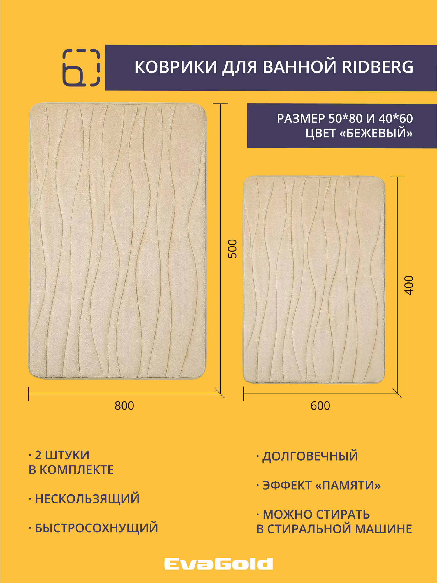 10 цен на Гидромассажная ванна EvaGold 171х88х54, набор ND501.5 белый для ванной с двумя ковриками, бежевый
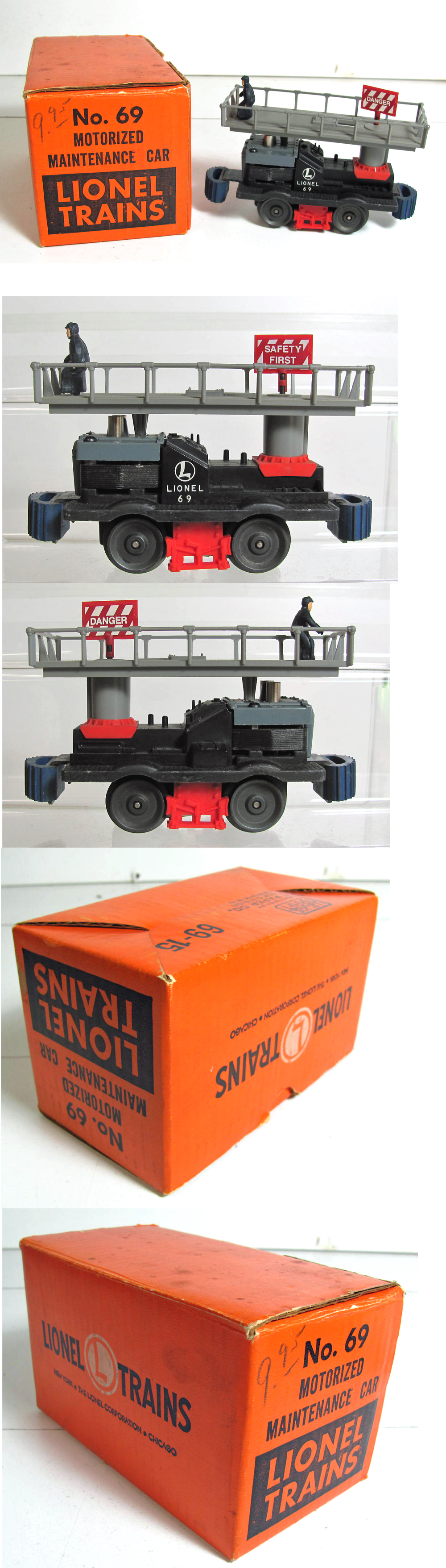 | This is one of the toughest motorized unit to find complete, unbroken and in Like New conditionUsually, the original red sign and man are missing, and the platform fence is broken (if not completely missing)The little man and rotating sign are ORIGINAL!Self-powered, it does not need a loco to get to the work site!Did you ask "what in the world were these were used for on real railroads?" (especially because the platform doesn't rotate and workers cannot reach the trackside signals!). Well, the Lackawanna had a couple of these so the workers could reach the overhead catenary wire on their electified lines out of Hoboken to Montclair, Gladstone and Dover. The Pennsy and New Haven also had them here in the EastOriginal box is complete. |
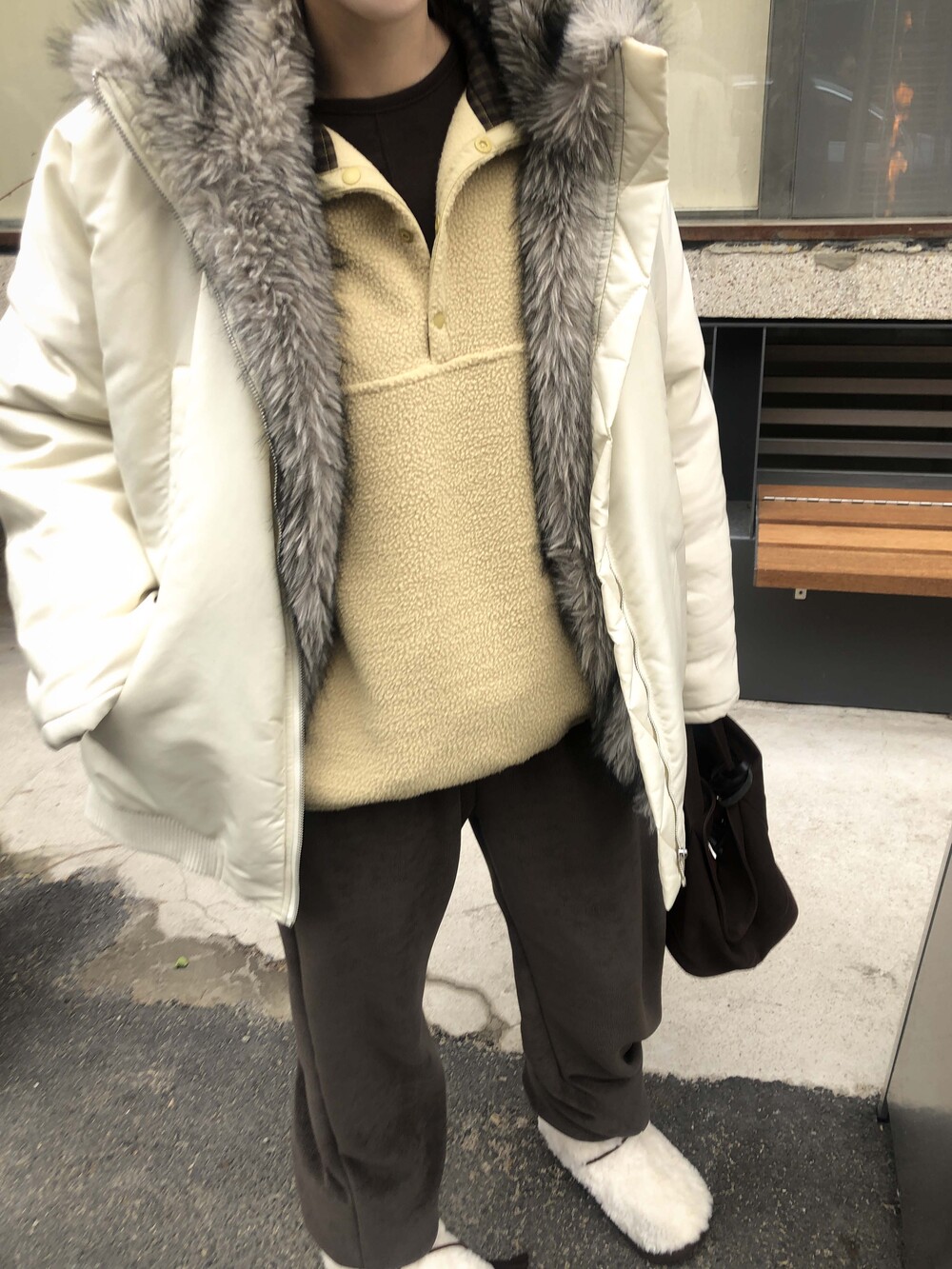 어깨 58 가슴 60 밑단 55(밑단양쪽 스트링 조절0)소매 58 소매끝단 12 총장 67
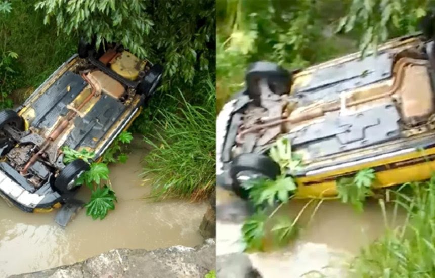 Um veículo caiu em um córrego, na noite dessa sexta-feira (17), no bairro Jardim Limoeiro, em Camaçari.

## About this task
Excluding all images, transcribe the material word for word.

## Result
 10 цен на Гидромассажная ванна EvaGold 171х88х54, набор ND501.5 белый для ванной с двумя ковриками, бежевый
 | This is one of the toughest motorized unit to find complete, unbroken and in Like New conditionUsually, the original red sign and man are missing, and the platform fence is broken (if not completely missing)The little man and rotating sign are ORIGINAL!Self-powered, it does not need a loco to get to the work site!Did you ask "what in the world were these were used for on real railroads?" (especially because the platform doesn't rotate and workers cannot reach the trackside signals!). Well, the Lackawanna had a couple of these so the workers could reach the overhead catenary wire on their electified lines out of Hoboken to Montclair, Gladstone and Dover. The Pennsy and New Haven also had them here in the EastOriginal box is complete. |
 어깨 58 가슴 60 밑단 55(밑단양쪽 스트링 조절0)소매 58 소매끝단 12 총장 67
 Um veículo caiu em um córrego, na noite dessa sexta-feira (17), no bairro Jardim Limoeiro, em Camaçari.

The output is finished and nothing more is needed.